Bei jedem Reformprojekt liessen seine Mitarbeiter durchsickern, Brown kämpfe darum, die schlimmsten neoliberalen Exzesse zu verhindern; der Schatzkanzler hielt sich einen Stab von anonymen Intriganten, die nicht müde wurden, die Blair-Regierung als Titanenkampf zwischen dem seriösen, sozial gesinnten Brown und dem frivolen Blender Blair darzustellen. Zeitweise konnte dieser Antagonismus als kreative Spannung interpretiert werden, zeitweise wirkte er bloss lähmend. Doch diese Bedenken wurden beim Stabwechsel vor zwei Jahren grösstenteils unterdrückt. Brown wurde mit Vorschusslorbeeren bedacht, weil er eine Abwechslung zu den Feuerwerken Blairs anbot, die immer öfter verpufften. Und tatsächlich nutzte Brown die ersten Bewährungsproben gut. Gegen Terror, Sintflut und Seuche handelte er resolut, aber ohne Bombast. Auf diese breiten Schultern, so schien es, konnte sich das Land stützen.
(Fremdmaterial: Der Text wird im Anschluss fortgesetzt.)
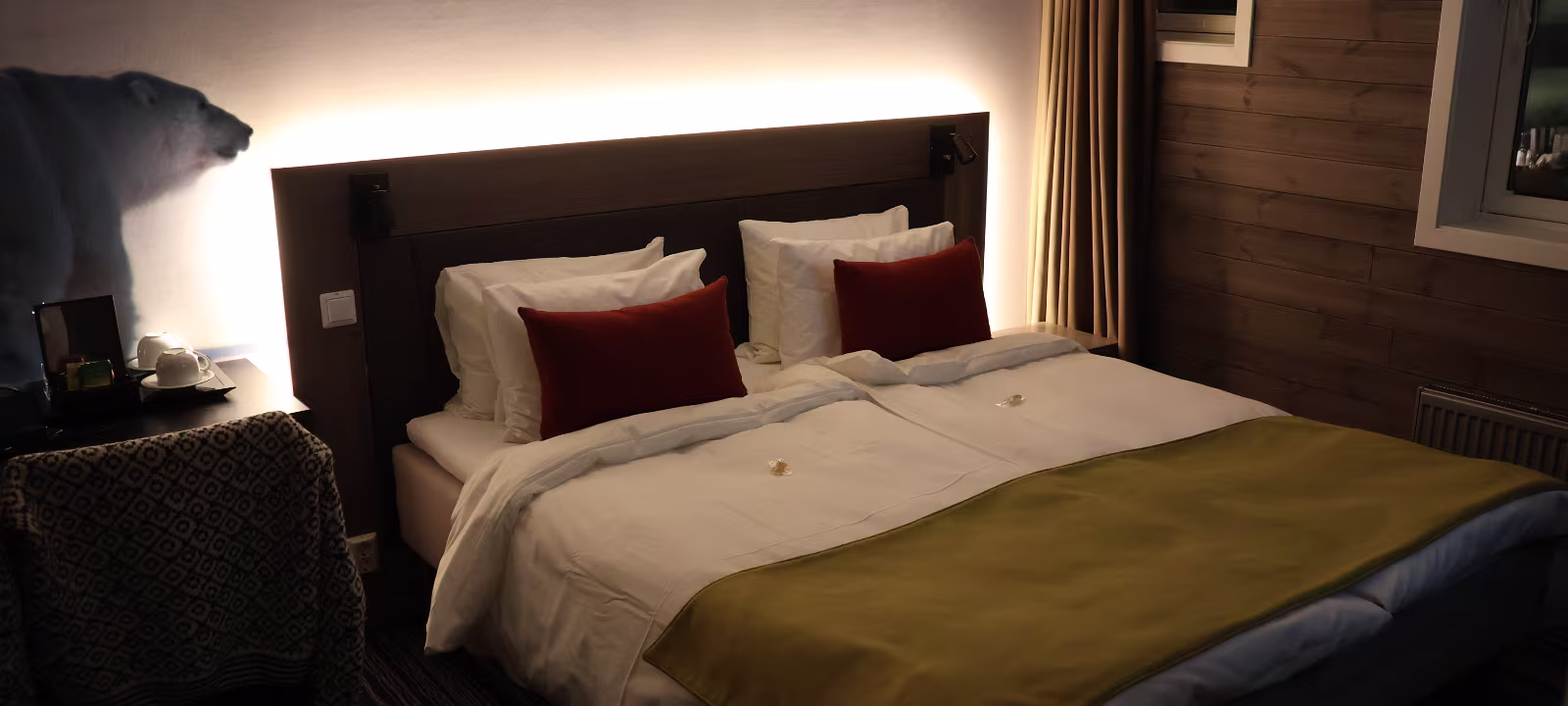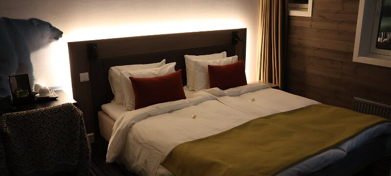 Meine Tasche kommt recht zeitig, ich steige in einen der beiden Busse ein und warte bis auch die letzten Passagiere ihr Gepäck erhalten haben und im Bus sitzen. Komisch, man kann nur noch eine einfache Fahrt buchen, kein Return-Ticket mehr. Erster Halt ist das „Svalbard Hotell | Polfareren“. Ich steige als Erster aus und bin auch gleich an der Rezeption. Es ist das - mal nachrechnen, „Coal Miners’ Cabins“, „Mary-Ann’s Polarrigg“, „Radisson Blu Polar Hotel“, „Svalbard Hotell | The Vault“ - das fünfte Hotel das ich habe. Und, wow, was ein schönes Zimmer, mit einem großen Zweier-Sofa, großes Badezimmer mit Badewanne. Ich bin wirklich positiv und sehr angenehm überrascht.

Unter dem Eindruck der vielversprechenden Anfangserfolge spielte Brown im Herbst 2007 kurz mit dem Gedanken, sich in vorgezogenen Neuwahlen ein eigenes Mandat zu erwerben. Denn er war ja nie ins höchste Amt gewählt worden, weder vom Volk noch von seiner Parteibasis. Aber im letzten Moment schreckte er zurück und vergab so seine vermutlich einzige Chance, die Quälgeister der Vergangenheit zu bannen. Die Episode offenbarte alle Schwächen des Premierministers: seine Entscheidungsschwäche, seine Neigung zu Intrigen, das Abschieben von Verantwortung und schliesslich seine Unfähigkeit, Widrigkeiten mit einem geistreichen Scherz oder einem charmanten Schulterzucken zu überwinden. Brown ist ein brütender, zutiefst unsicherer Mann, dessen Lächeln oft nicht mit seinem Redefluss übereinstimmt und daher aufgesetzt wirkt und der noch immer an den Fingernägeln kaut.
Tragisch wie bei Shakespeare

Gordon Brown ist möglicherweise der intellektuell neugierigste und gebildetste Premierminister der Nachkriegszeit. Sein presbyterianisch geprägtes soziales Gewissen fügt sich gut in den Kanon der traditionellen Labourpartei ein. Seine Verdienste um die Weltwirtschaft in der gegenwärtigen Krise haben ihm in den letzten Monaten kurz zu neuem Respekt verholfen. Aber er hat die Vorhersage des Verteidigungsministers John Hutton erfüllt, der vergangene Woche ebenfalls zurückgetreten ist. Brown würde «ein verflucht schrecklicher Premier» werden, hatte Hutton vor zwei Jahren prophezeit. Brown vermag weder seine engsten Kollegen noch die britische Öffentlichkeit um sich zu scharen.

Nachdem die im Kabinett verbleibenden Minister ihre Karrieren höhergestellt haben als das Wohl von Partei und Vaterland, liegt es an der Unterhausfraktion, ob sie Brown doch noch stürzen will. Doch den demoralisierten Hinterbänklern fehlt eine Galionsfigur.

Die politische Karriere Browns war darauf ausgerichtet, Premierminister zu werden. Lange hat er mit offener Ungeduld auf den Moment gewartet. Dass der Traum platzte, kaum war er in Erfüllung gegangen, enthält tragische, erneut an Shakespeare gemahnende Aspekte. Doch die Keime des Scheiterns lagen in Browns Person.